Repeat each entry exactly. Drop every image.

┌─ Provided information

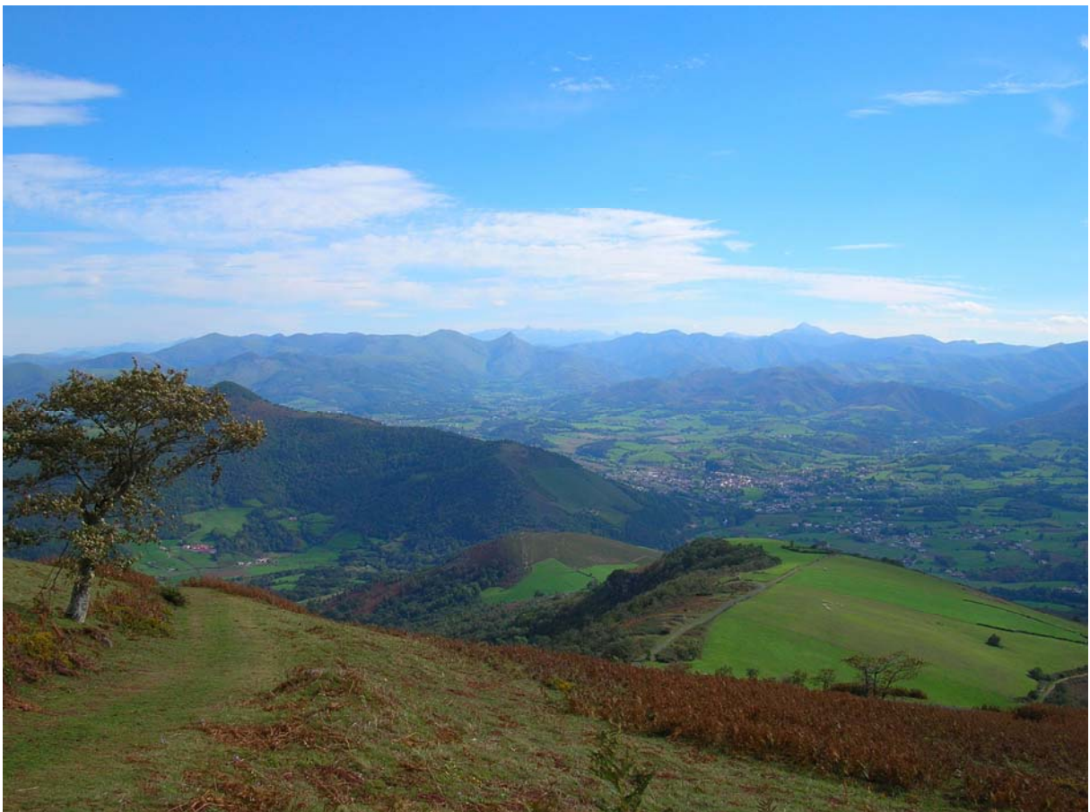
Le pays de Cize, depuis le Jara (G. Tessariol, 2005)
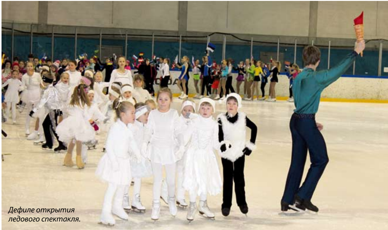
Дефиле открытия ледового спектакля.

Учащиеся школ Хааберсти и дети детских садов бесплатно посетили ледовое представление.
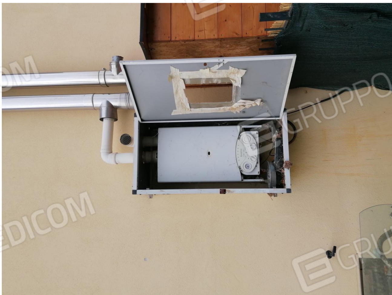
FOTO 14 Caldaia murale esterna
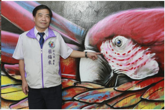
說明：前金區公所旁綠地，利用漂流木與彩繪藝術裝點得美輪美奐
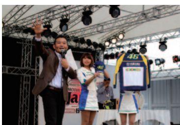
トップライダーたちのサイン入りグッズが多数出品された「MotoGP™ライダーチャリティーオークション」。収益金は日本赤十字社を通じて東日本大震災被災者への義援金として役立てられます。
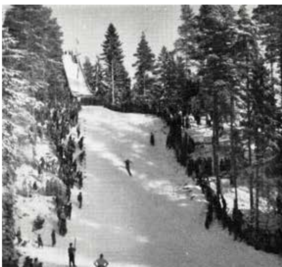
Utförsåkning i Hallbybacken, 1953
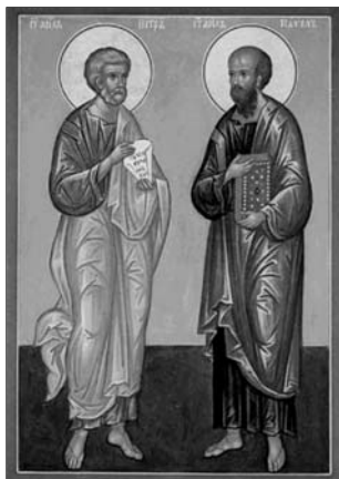
▲ Апостолы Петр и Павел (икона)

Время шло, и сторонников христианства постепенно становилось все больше. Римский император Константин I, мудрый и дальновидный политик, увидел в христианстве возможность укрепить свою власть, ведь оно призывало народ подчиняться властям и признавало власть одного правителя. В 311 году Константин I объявил христианство законным, и гонения на христиан прекратились. С 313 года любой житель империи по своему желанию свободно мог перейти в христианскую религию. В 324 году христианство провозглашается господствующей религией Римской империи, однако новая вера утвердилась не сразу, особенно на окраинах. Так, только в конце IV века при императоре Феодосии I Вели-

└─

Task result
Le pays de Cize, depuis le Jara (G. Tessariol, 2005)
Дефиле открытия ледового спектакля.

Учащиеся школ Хааберсти и дети детских садов бесплатно посетили ледовое представление.
FOTO 14 Caldaia murale esterna
說明：前金區公所旁綠地，利用漂流木與彩繪藝術裝點得美輪美奐
トップライダーたちのサイン入りグッズが多数出品された「MotoGP™ライダーチャリティーオークション」。収益金は日本赤十字社を通じて東日本大震災被災者への義援金として役立てられます。
Utförsåkning i Hallbybacken, 1953
▲ Апостолы Петр и Павел (икона)

Время шло, и сторонников христианства постепенно становилось все больше. Римский император Константин I, мудрый и дальновидный политик, увидел в христианстве возможность укрепить свою власть, ведь оно призывало народ подчиняться властям и признавало власть одного правителя. В 311 году Константин I объявил христианство законным, и гонения на христиан прекратились. С 313 года любой житель империи по своему желанию свободно мог перейти в христианскую религию. В 324 году христианство провозглашается господствующей религией Римской империи, однако новая вера утвердилась не сразу, особенно на окраинах. Так, только в конце IV века при императоре Феодосии I Вели-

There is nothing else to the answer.